After more than seven hours of debate behind closed doors, lawmakers in the National Assembly voted 91-23, with one abstention, to send the contingent, which will include bomb-disposal experts, doctors and transport specialists.
But the proposal had been widely criticized by opposition parties, many Armenians and even the 30,000-strong Armenian community in Iraq, which feared being targeted for attacks if the troops were sent.
"We shouldn't even be sending humanitarian troops to Iraq, because we can't jeopardize the security of Armenians living Iraq, said Viktor Dalakyan, a leader with the opposition party Justice. "Moreover their lives are already being threatened." Link
Armenia is a member of NATO's Partnership for Peace
According to The US State Department
"The Government of Armenia's human rights record remained poor in 2003....International observers found both the presidential and parliamentary elections during the year to be well below international standards......opposition supporters were detained between the two rounds of the presidential elections.....reports of arbitrary arrest and detention.....lengthy pretrial detention....limits on press freedom....due in part to self-censorship and denial of two television broadcast licenses....limits on the rights of assembly and association...denied permission for several opposition rallies... detained approximately 200 people for participating in unauthorized demonstrations....The law places some restrictions on religious freedom. Societal violence against women was a problem. Trafficking of women and children was a problem, which the government took some steps to address."
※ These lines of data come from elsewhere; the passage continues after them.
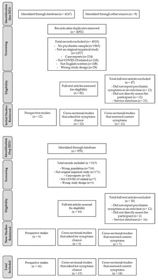 The inclusion criteria were: (a) study design: prospective and cross-sectional studies; (b) population of interest: adult people with psychiatric disorders diagnosed prior to the COVID-19 pandemic; (c) measure of psychiatric symptoms: studies were included if quantitative measures of psychiatric symptoms were measured before and during the COVID-19 pandemic, with both self-reported or observed measures (e.g., telephone/online surveys with in–outpatients from psychiatric services, etc.) performed by a mental health professional; and (d) language: English-language studies. Importantly, genetic syndromes and neuropsychiatric conditions (such as dementia and cognitive impairments) were not considered as psychiatric samples.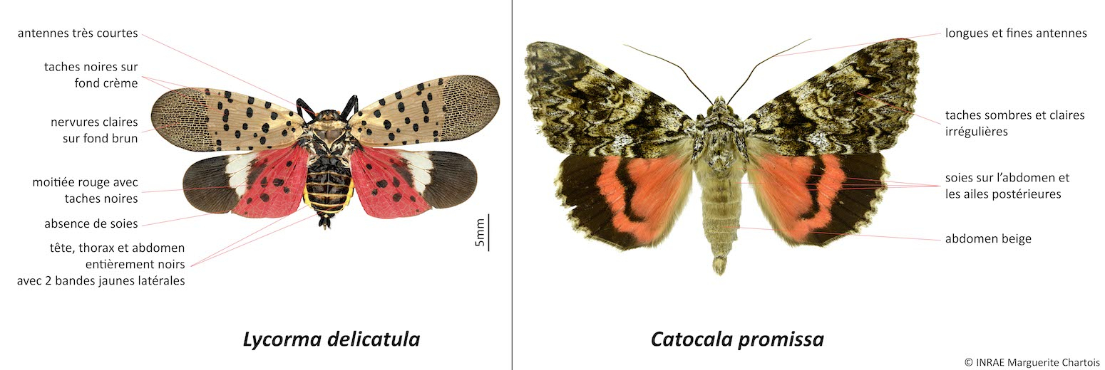 Comparaison des adultes du Fulgore tacheté et de Catocala promissa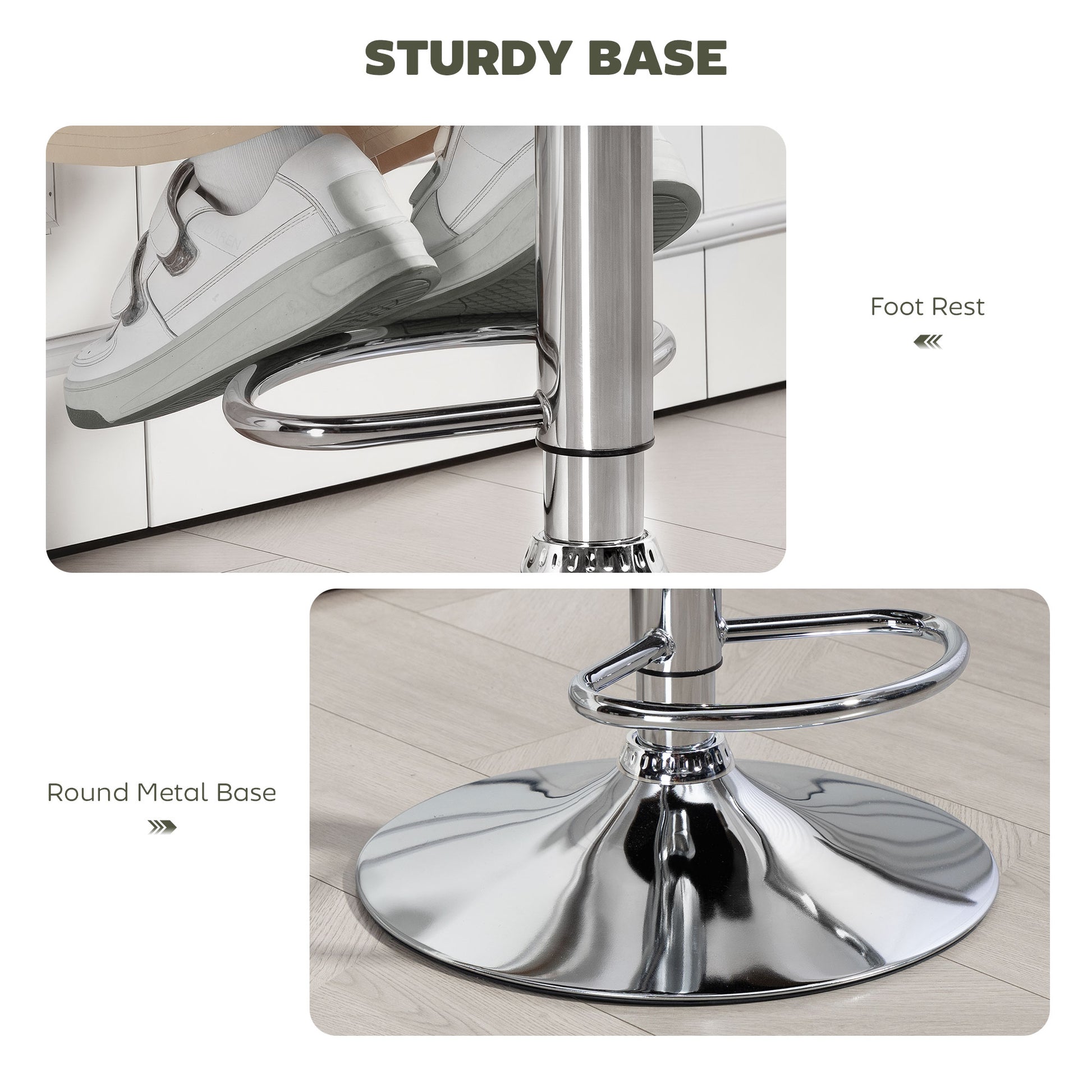- Supportive metal base with handy footrest. Foot pad to gently protect floor from marks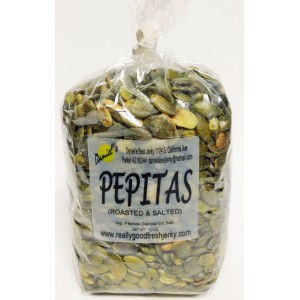 Pepitas are shelled pumpkin seeds, roasted and salted. These are a delicious, healthy snack full of nutrients!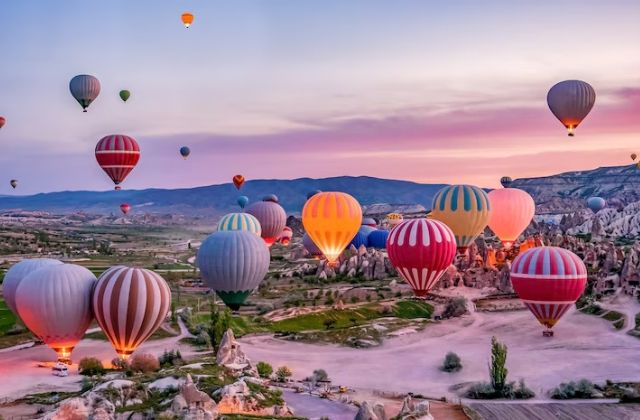 Experience Turkey’s cultural richness amid ancient ruins, bustling bazaars, and captivating landscapes. Soar over Cappadocia’s surreal terrain on a hot air balloon, immersing yourself in natural wonders.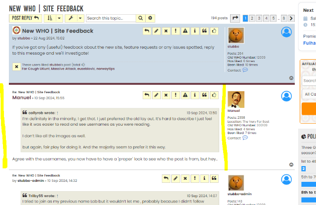 stubbo-admin wrote: ↑10 Sep 2024, 16:07Manuel wrote: ↑10 Sep 2024, 15:55collyrob wrote: ↑10 Sep 2024, 13:50 I’m definitely in the minority, I get that. I just preferred the old lay out. It’s hard to describe I just feel like it was easier to read and see usernames as you were reading.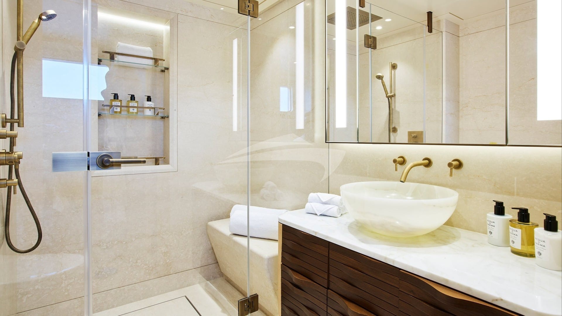COME TOGETHER wurde so konzipiert, dass bis zu 12 Chartergäste bequem in 6 Suiten untergebracht werden können.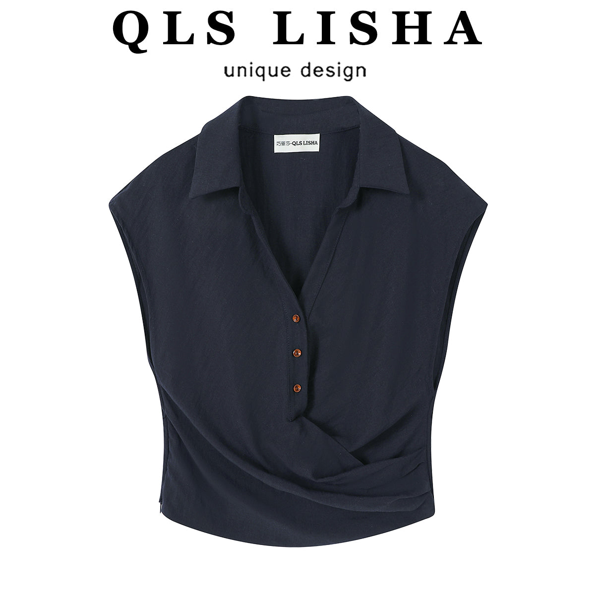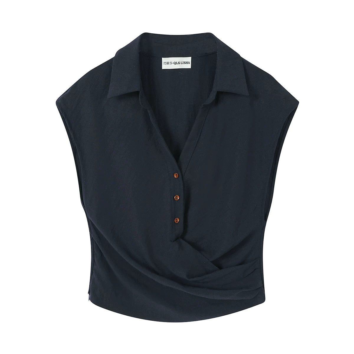 Chola Lisa Moda Bütöv Rəngli V-yaxalı Köynək Qadınlar üçün Yüksək Səviyyəli Lüks Gənc Qolsuz Fransız Üslublu Yay Topu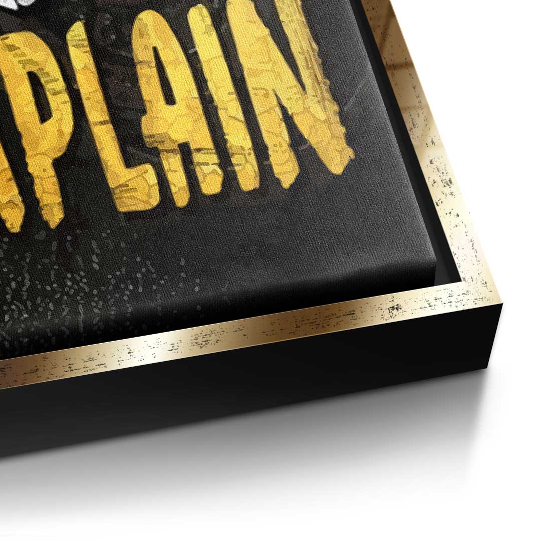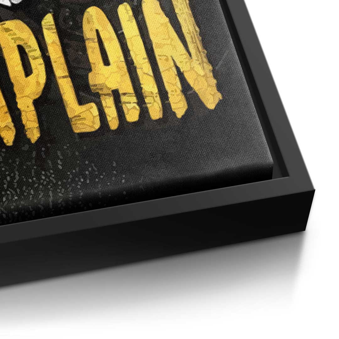 DOTCOMCANVAS® Premium Leinwandbild mit Motivationsspruch und Sportmotiv in Schwarz und Gelb.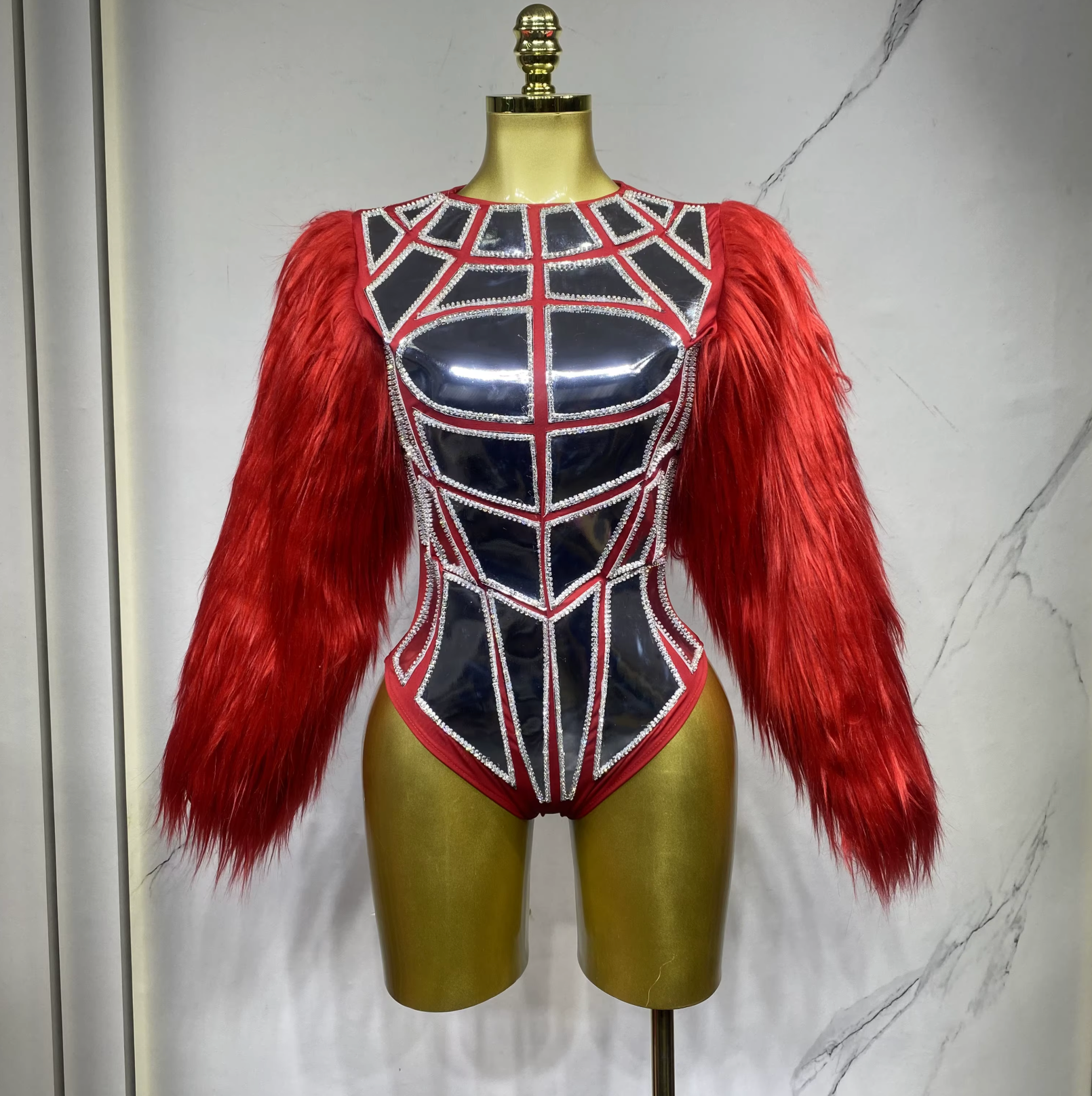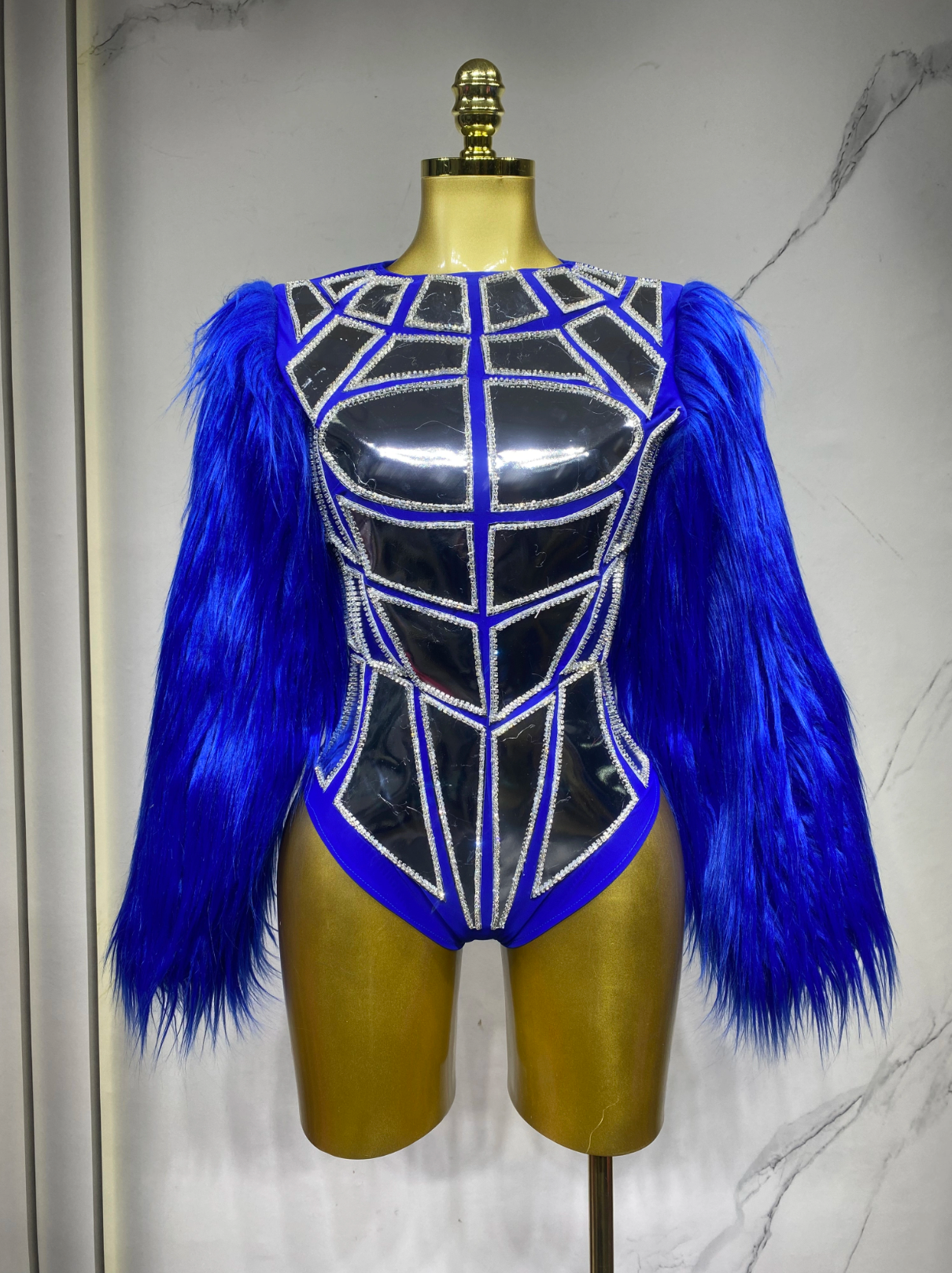 Laser Mirror Neon Fluffy Jumpsuit Bodysuit – Lady Gaga-Inspired Festival Costume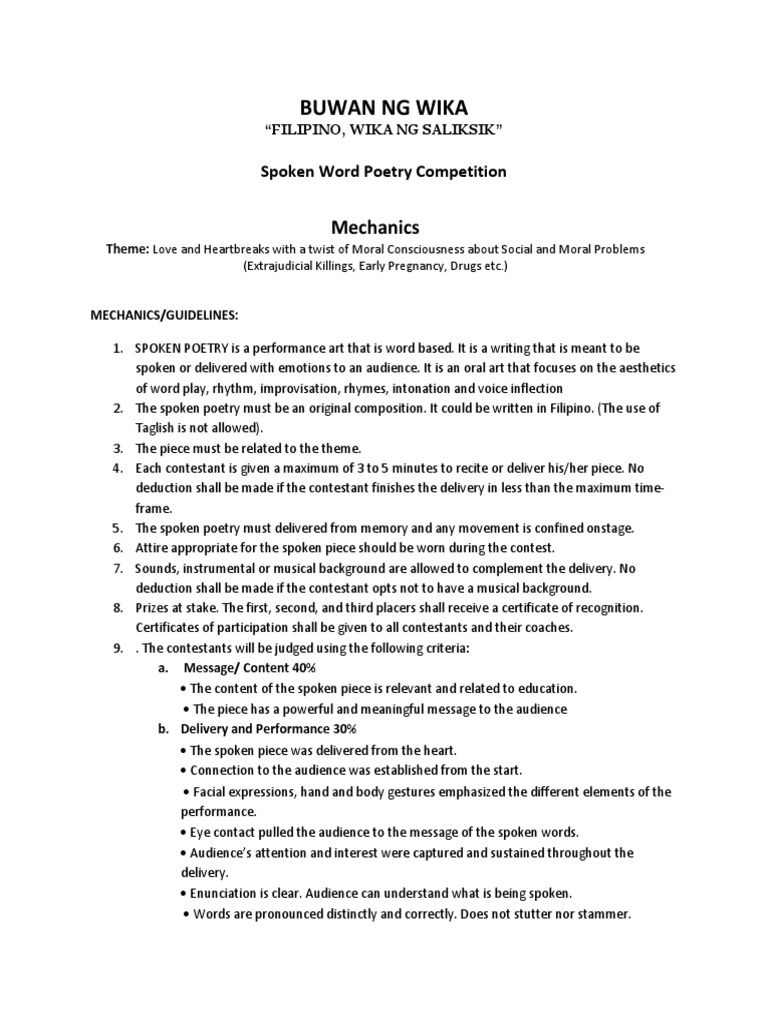 In The Philippines this form of poetry has also seen a rise in. Narito ang isang spoken poetry tungkol sa wika na maaari mong gawing inspirasyon sa paggawa mo ng sarili mong spoken word. Sa tulong ng wika Pilipinong hirang.

"Approximately 70 U.S.-owned firms currently do business in Armenia, including such multinationals as Procter & Gamble, M&M-Mars, Xerox, Dell, and IBM. Recent major U.S. investment projects include the Hotel Armenia; the Hotel Ani Plaza; Tufenkian Holdings (carpet and furnishing production, hotels, and construction); several subsidiaries of U.S.-based information technology firms, including Viasphere Technopark, an IT incubator; a Greek-owned Coca-Cola bottling plant; petroleum exploration by the American-Armenian Exploration Company; jewelry and textile production facilities; a large perlite mining and processing plant; and Jermuk Mother Plant, which produces one of the more popular brands of mineral water in Armenia."
The State Department goes on to detail some areas of US support:
"U.S. Support To Build A Market Economy"
"U.S. Humanitarian Assistance"
"U.S. Support To Achieve Democracy"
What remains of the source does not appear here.